Some economists believe that the U.S. economy as a whole can be modeled with the following production function, called the $\textit{Cobb$-$Douglas production function}$: $$Y=AK^{1/3}L^{2/3},$$ where $Y$ is the amount of output, $K$ is the amount of capital, $L$ is the amount of labor, and $A$ is a parameter that measures the state of technology. For this production function, the marginal product of labor is $$MPL=(2/3) A(K/L)^{1/3}.$$ Suppose that the price of output $P$ is 2, $A$ is 3, $K$ is 1,000,000, and $L$ is 1,000. The labor market is competitive, so labor is paid the value of its marginal product.

a. Calculate the amount of output produced $Y$ and the dollar value of output $PY$.

b. Calculate the wage $W$ and the real wage $W/P$. (Note: The wage is labor compensation measured in dollars, whereas the real wage is labor compensation measured in units of output.)

c. Calculate the labor share (the fraction of the value of output that is paid to labor), which is $(WL)/(PY)$.
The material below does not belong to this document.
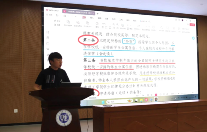 金一老师对研究生培养、评奖评优等相关制度进行解读。金老师对研究生工作部下发的一共21项相关规定进行了透彻的学习和标注,将内容主要分为4个方面进行讲述:一是关于研究生出行住宿的相关规定、二是学籍与学位培养的相关规定、三是课程学习和科研论文专业实践过程管理办法、四是奖学金相关管理体系。通过解读使新生更加清晰的明确学习目标,从而根据制度规划学习生活,合理分配时间与精力,达到事半功倍的效果。

d. Calculate what happens to output $Y$, the wage $W$, the real wage $W/P$, and the labor share $(WL)/(PY)$ in each of the following scenarios:

i. Inflation increases $P$ from 2 to 3.

ii. Technological progress increases $A$ from 3 to 9.

iii. Capital accumulation increases $K$ from 1,000,000 to 8,000,000.

iv. A plague decreases $L$ from 1,000 to 125.

e. Despite many changes in the U.S. economy over time, the labor share has been relatively stable. Is this observation consistent with the Cobb$-$Douglas production function? Explain.